■ **REQUIRED WORK**
Output, exactly and in full, only the lines from the one containing "MAKE IT A BIRTHDAY" to the last line of the data. Pictures should not appear.

■ **SOURCE MATERIAL**
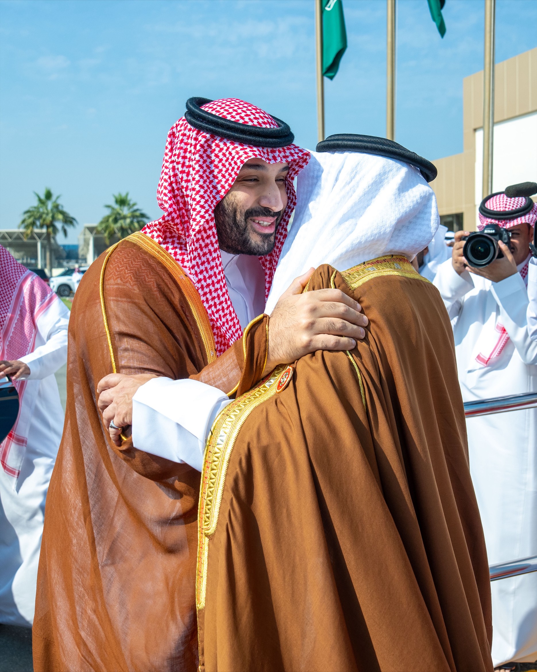 وكان في مقدمة مستقبلي ولي العهد السعودي ولي العهد رئيس مجلس الوزراء البحريني الأمير سلمان بن حمد آل خليفة.
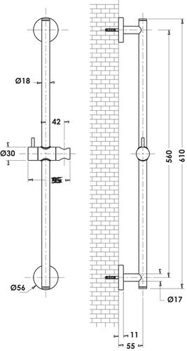 - Barre de douche noir mat Ø18 cm, hauteur 61 cm.
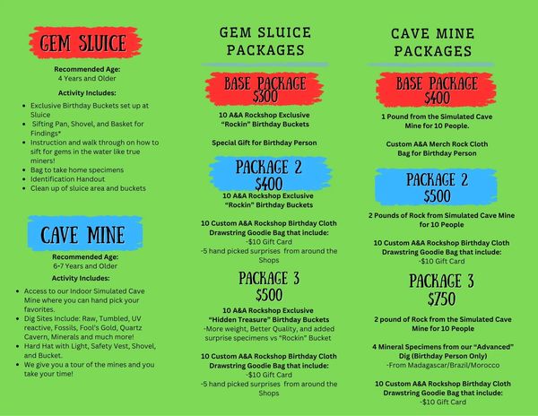 MAKE IT A BIRTHDAY TO REMEMBER AS YOU AND YOUR GUEST DIG FOR TREASURE IN AUTHENTIC MINING GEAR. ALL CAVE MINE PACKAGES ARE PRICED AT, AND INCLUDE, 10 PARTICIPANTS.
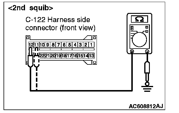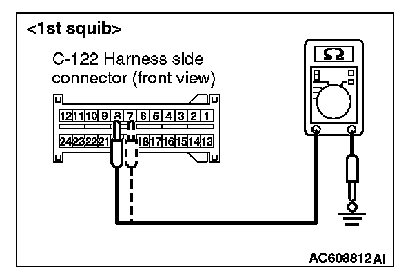 5. Check for continuity between C-122 harness side connector terminals 7 and 8 [1st squib] or 11 and 12 [2nd squib], and body ground.

■ **RESULT BELOW**
 MAKE IT A BIRTHDAY TO REMEMBER AS YOU AND YOUR GUEST DIG FOR TREASURE IN AUTHENTIC MINING GEAR. ALL CAVE MINE PACKAGES ARE PRICED AT, AND INCLUDE, 10 PARTICIPANTS.
 5. Check for continuity between C-122 harness side connector terminals 7 and 8 [1st squib] or 11 and 12 [2nd squib], and body ground.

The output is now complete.